The Cosmopolitan, both mysterious and inevitable like all truly great writing, is both oasis and mirage for the reader. It takes some presumption to assume the role of the cosmopolitan, to pass gorgeously through the swabbed-for-Semtex-and-C4 jetways. The cosmopolitan upholds both a system and a dream. The system offers a lingua franca for all airline pilots, a worldwide striving for on-time arrivals and departures via gleaming concourses. In the dream the cosmopolitan is aloft, gazing down at local color, a consumer of nationalities enacting the privilege of appreciating the various arts, beauties and flavors. This is, we often say, one small globe. But the reader, enticed to travel in Stonecipher’s precisely observed world, becomes the character below in part one of “Inlay 16 ”: “He wanted to be a citizen of the world and was crushed to discover that the world fields no citizens as such. So he settled for drifting with the voluptés of the clouds. And that is how he met her on a ship from Spain to Morocco, eating clementines and throwing the perfectly spiraled peels into the sea.” The cosmopolitan is the one who knows the difference between the Hutus and the Tutsis.

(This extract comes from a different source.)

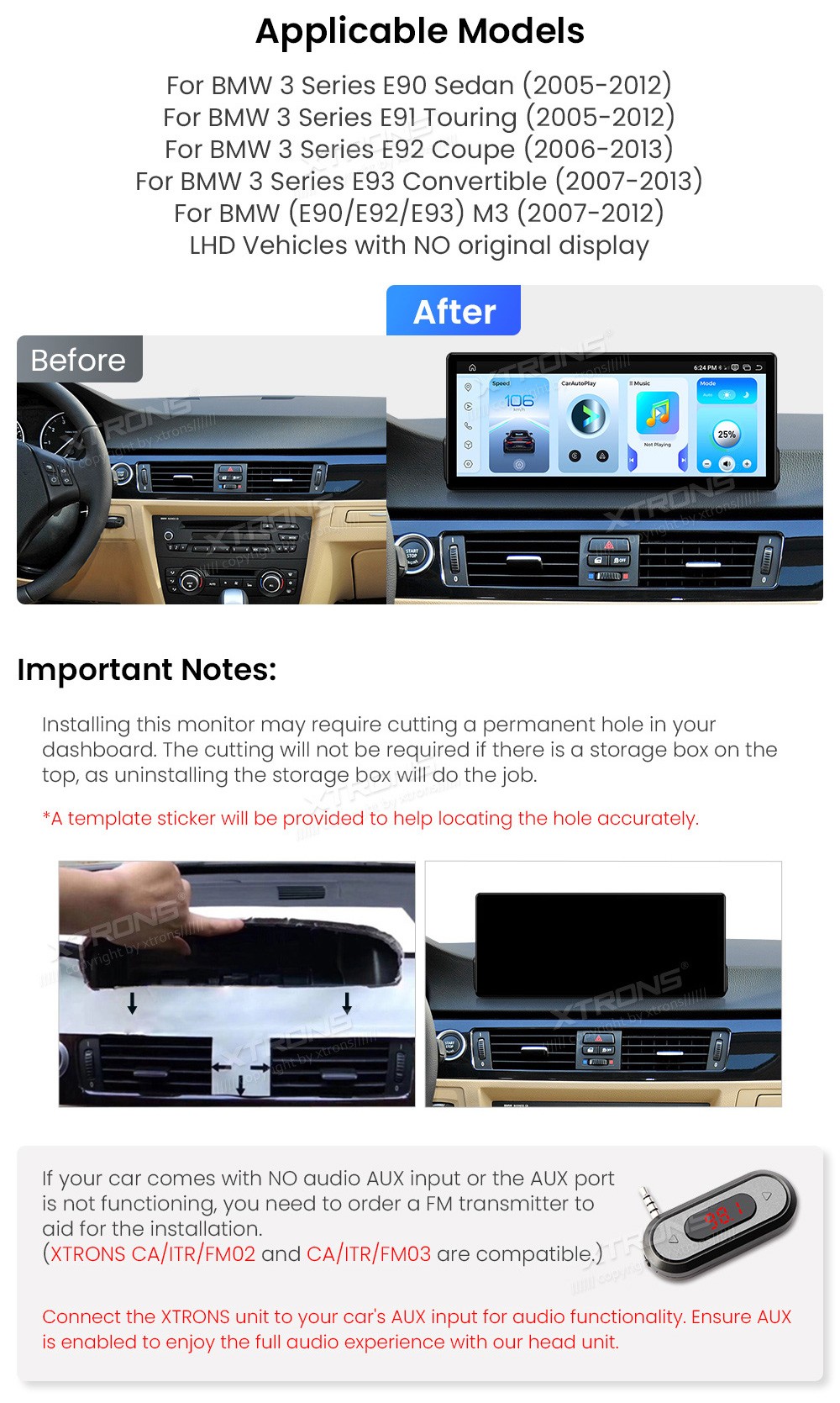 XTRONS QWBX24UMB12E90L 12.3" BMW 3 Seeria E90, E91, E92, E93 Multimeedia Android 14 Octa-Core 4G BMW 3 Seeria E90 Sedan (2005-2012)BMW 3 Seeria E91 Touring (2005-2012)BMW 3 Seeria E92 Coupe (2006-2013)BMW 3 Seeria E93 Convertible (2007-20013)BMW (E90, E92, E93) M3 (2007-2012) (Kui autol pu ...Lisaseadmed

On the surface, Souvenir de Constantinople, A Poem by Donna Stonecipher is about travel and about a place, but also about more than that--as any good travel work should be)--as it works itself, stalking and sneaking through, in lyric and even postcard-type fragments.... When Alberto Manuel wrote about The Odyssey, or Salman Rushdie on The Wizard of Oz, both understood that all stories about travel were essentially about home, and the hope of an eventual return. Writing her poem through references that include the journals of Marco Polo, after her trip and her travels, and all that her narrator has learned, is this all Stonecipher is left with?

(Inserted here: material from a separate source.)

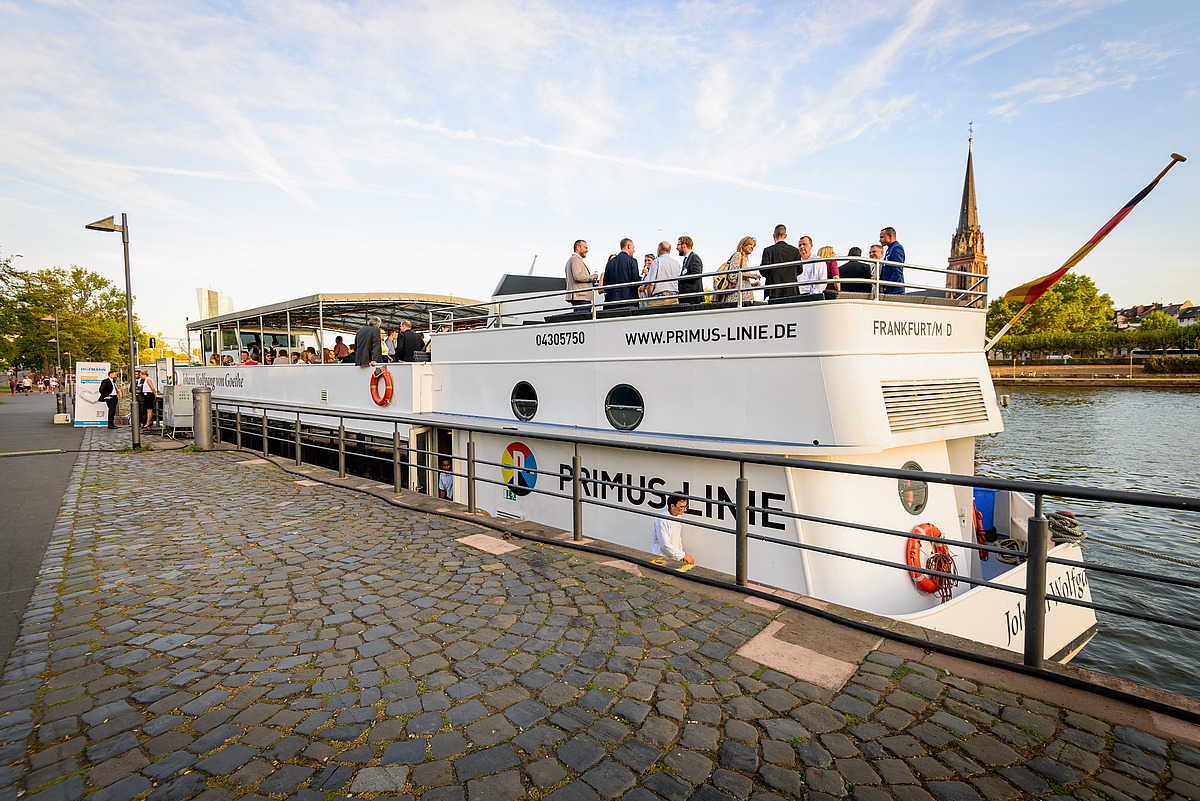 Route der Industriekultur Rhein-Main, bei einer Schifffahrt entlang des Mainufers, zu der wir unsere Kunden einluden.

In her first book of poems, The Reservoir, Donna Stonecipher records her own displacement as the survivor of a world that exists only in reflection. It is a world Stonecipher is “anxious to tell” her “version of,” but “must be careful how many times” she asks “to be rescued” from it. Fear of dissolution—the kind that presages self-disclosure—often results in the revelation that “you can talk for hours before you realize you won’t say it.” Drawing upon the image of the reservoir as a vessel of containment, Stonecipher attempts to record the seepage and evaporation of her world, as well as the function of memory to act as a catch basin for such loss.